◆ **Information supplied**:
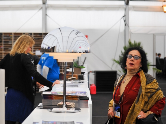 В целом было четыре больших зоны и пятая на улице – курилка. Первая большая зона – «мини-почта» и зона отдыха. Там были стеллажи, где делегации стран оставляли свои материалы для прессы (буклеты, диски, сувениры и т.д.).В зоне отдыха было много диванчиков, мониторы и качели. И там же в углу была зона голосования, где журналисты делали ставки на победителя.
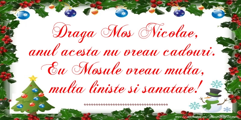 Draga Mos Nicolae, anul asta nu vreau cadouri. Eu vreau multa liniste si sanatate ...]
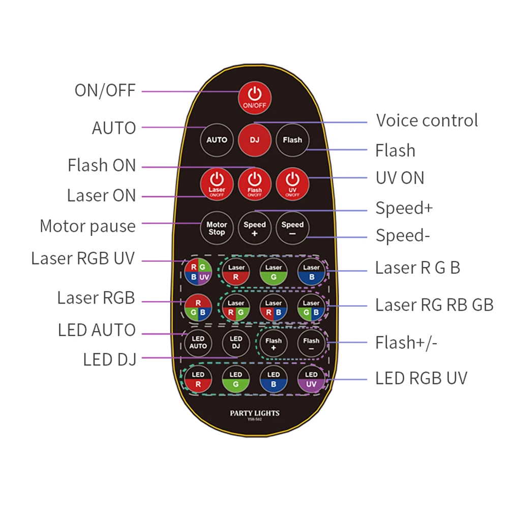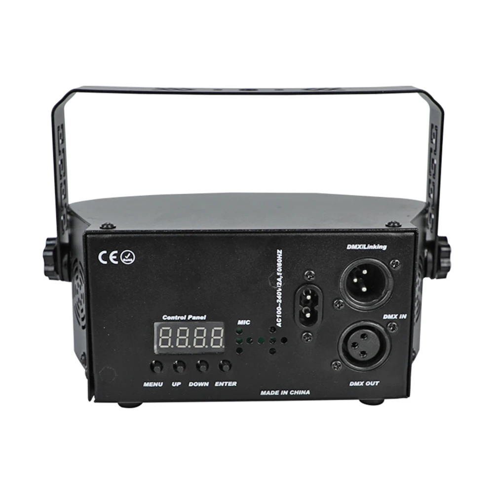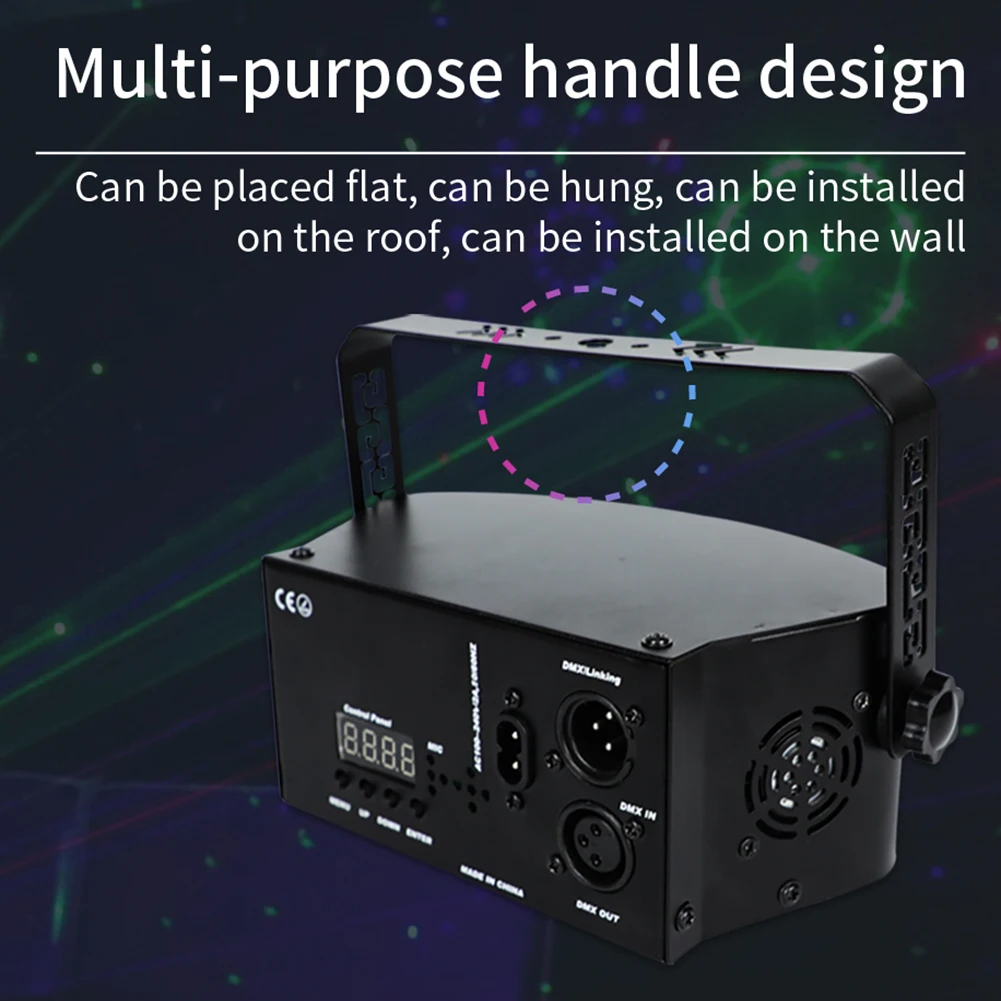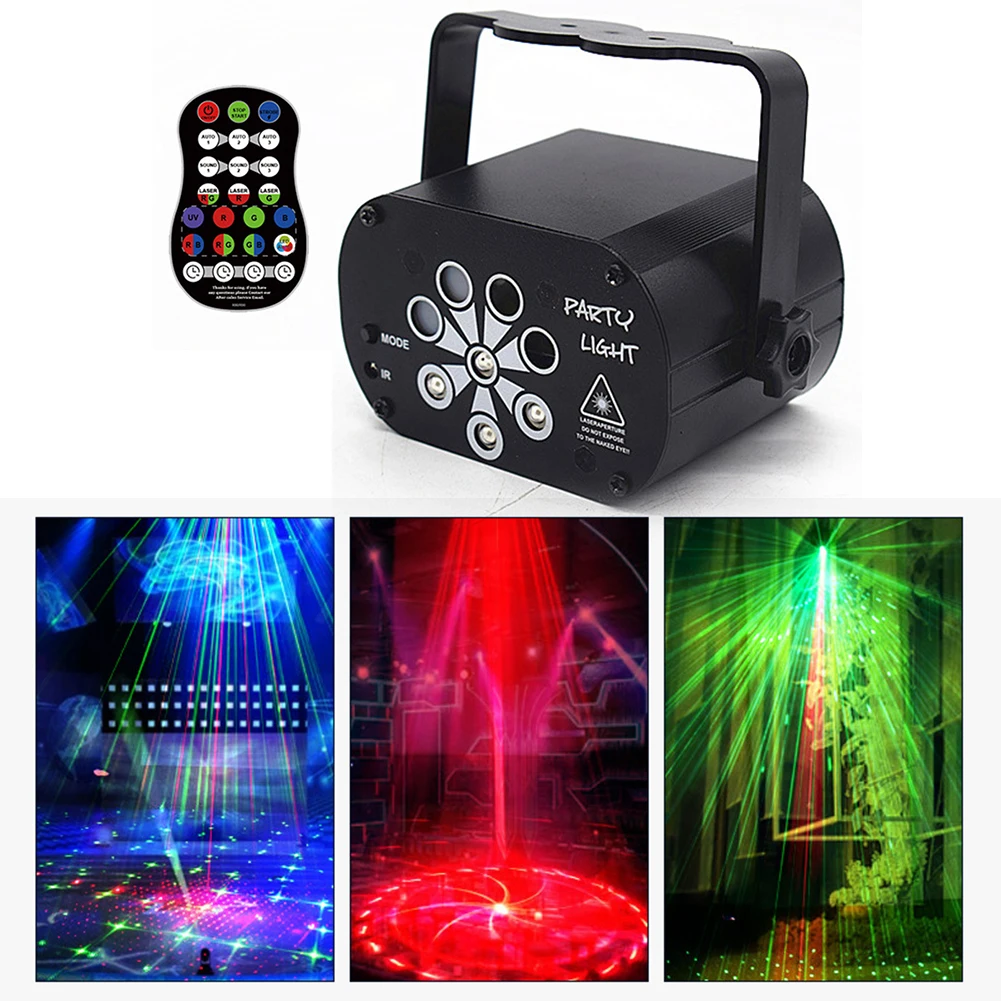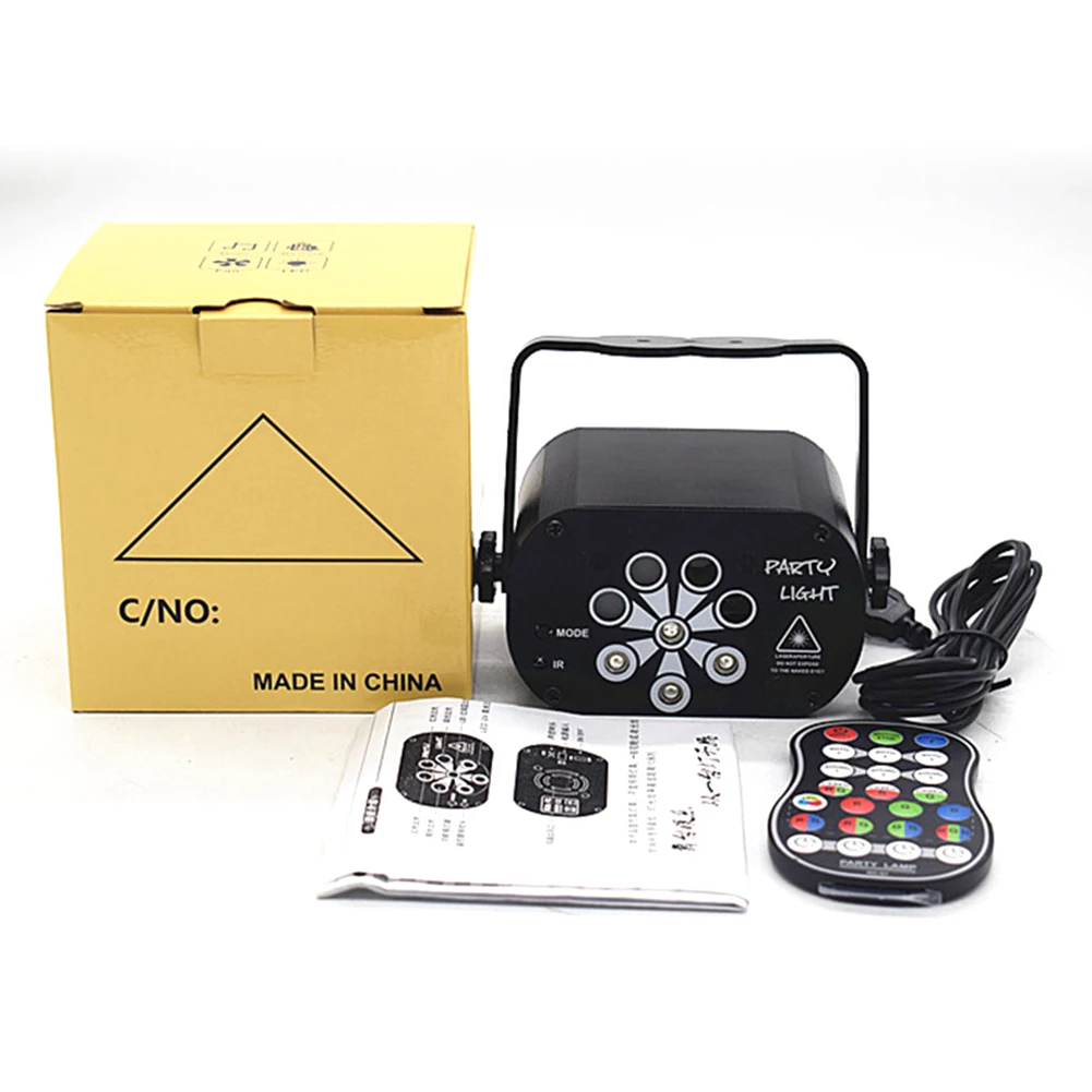 Профессиональный Сценический светильник RGB с цветным пультом дистанционного управления, атмосферная лампа, Активированный звук, лазерный проектор, светильник ing для DJ Disco Dance Bar PubХарактеристика:Высокая яркость лампы, яркий и мягкий цвет, хорошая производительность цветопередачи.Сигнал DMX, свободное управление, одновременная работа нескольких ламп и фонарей.Мощное тепловыделение, мощный вентилятор, высокопроизводительное тепловыделение.Спецификация:Источник питания: AC110-240,50 Гц/60 ГцСтробоскоп-светильник: трехцветный RGB светильник + УФ-лампаМощность: 500 мВтРежим управления: DMX-512/Голосовое управление/самоходный/мастер-рабМощность лазера: Красный: 200/Зеленый: 50/синий: 150Система сканирования: высокоточное сканирование шагового двигателяРазмер посылка: 245x153x141mmРазмер изделия: 185x90x80 ммВес изделия: 1150 гВилка: ЕС/Великобритания/СШАПримечание:В связи с различиями мониторов и эффектами освещения реальный цвет товара может немного отличаться от цвета на фотографиях. Спасибо!Возможны отклонения в 1-2 см вследствие измерений вручную.

◆ **Required work**: Drop the pictures and set down the data above exactly.

◆ **Result**:
 В целом было четыре больших зоны и пятая на улице – курилка. Первая большая зона – «мини-почта» и зона отдыха. Там были стеллажи, где делегации стран оставляли свои материалы для прессы (буклеты, диски, сувениры и т.д.).В зоне отдыха было много диванчиков, мониторы и качели. И там же в углу была зона голосования, где журналисты делали ставки на победителя.
 Draga Mos Nicolae, anul asta nu vreau cadouri. Eu vreau multa liniste si sanatate ...]
 Профессиональный Сценический светильник RGB с цветным пультом дистанционного управления, атмосферная лампа, Активированный звук, лазерный проектор, светильник ing для DJ Disco Dance Bar PubХарактеристика:Высокая яркость лампы, яркий и мягкий цвет, хорошая производительность цветопередачи.Сигнал DMX, свободное управление, одновременная работа нескольких ламп и фонарей.Мощное тепловыделение, мощный вентилятор, высокопроизводительное тепловыделение.Спецификация:Источник питания: AC110-240,50 Гц/60 ГцСтробоскоп-светильник: трехцветный RGB светильник + УФ-лампаМощность: 500 мВтРежим управления: DMX-512/Голосовое управление/самоходный/мастер-рабМощность лазера: Красный: 200/Зеленый: 50/синий: 150Система сканирования: высокоточное сканирование шагового двигателяРазмер посылка: 245x153x141mmРазмер изделия: 185x90x80 ммВес изделия: 1150 гВилка: ЕС/Великобритания/СШАПримечание:В связи с различиями мониторов и эффектами освещения реальный цвет товара может немного отличаться от цвета на фотографиях. Спасибо!Возможны отклонения в 1-2 см вследствие измерений вручную.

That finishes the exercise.